Camerun, 24 luglio 1988 (Archivio Fotografico ITL)

Elenco dei viaggi realizzati da Carlo Maria Martini per tenere corsi di Esercizi ai missionari, relative pubblicazioni e indicazioni bibliografiche

– Kenya, agosto 1985, «Gesù, perché parlava in parabole»
– Ciad, luglio 1988, «Davide peccatore e credente»
– Perù, febbraio 1990, «Samuele profeta religioso e civile»
– California, agosto 1991, «Due pellegrini per la giustizia»
– Venezuela, agosto 1993, «Geremia: una voce profetica nella città»
– Niger, agosto 1995, «Timoteo: la via del discepolo»
– Isole Mauritius, luglio 1998, «L’utopia alla prova di una comunità. Meditazioni sulla prima Lettera ai Corinti»
– Taiwan, agosto 1999, «La debolezza è la mia forza. Meditazioni sulla seconda Lettera ai Corinti»

Al ritorno a Milano, il cardinale non mancava di raccontare – sulla stampa, durante le sue omelie o in occasione di convegni o interviste – quanto aveva vissuto e imparato nelle sue esperienze missionarie.

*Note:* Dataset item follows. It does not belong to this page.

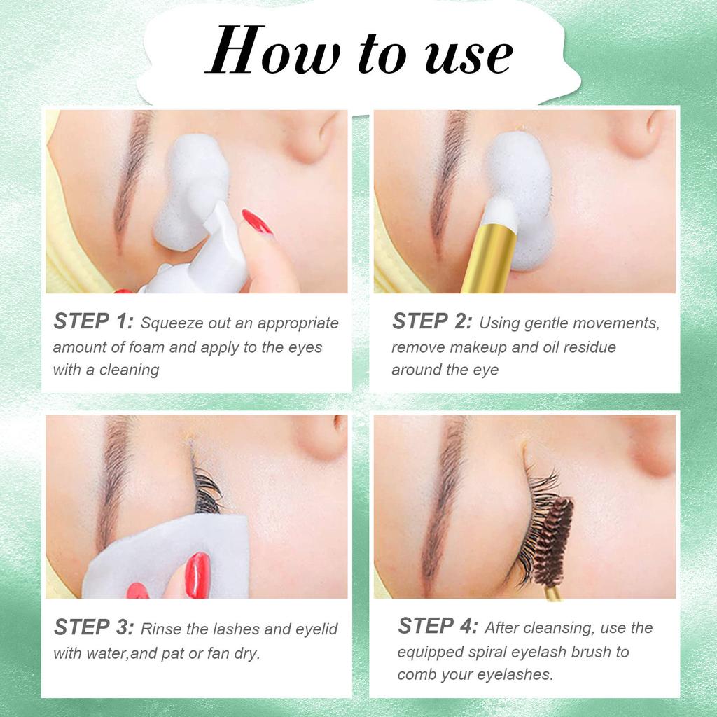 1.Простой в использовании:Хорошо встряхнуть перед использованием. Мойте руки.. Удалить для использования. Нанесите необходимое количество шампуня на предоставленную очищающую щеточку, затем аккуратно протрите веко, пока весь макияж, грязь, жир и мусор не будут удалены.. Промойте ресницы и веки чистой водой, затем промойте другой глаз.

Da una parte, questi viaggi erano un imparare dalle Chiese nuove. In una relazione tenuta a Napoli il 22 aprile 1986, diceva: «Le Chiese più antiche possono imparare molte cose dalle Chiese nuove, dal loro dinamismo, dalla vita e dalla testimonianza fino all’effusione del sangue per la fede. Proprio per questo, io ho sentito il bisogno interiore di farmi pellegrino in queste chiese nuove… C’è indubbiamente molto da imparare nel dinamismo e nella vitalità delle nuove Chiese, anche se presentano problemi assai più gravi dei nostri, difficoltà che neppure immaginiamo» («A un anno da Loreto. Relazione al Convegno pastorale di Napoli», Napoli, 22 aprile 1986, in Farsi prossimo nella città, EDB, 1987, p. 204).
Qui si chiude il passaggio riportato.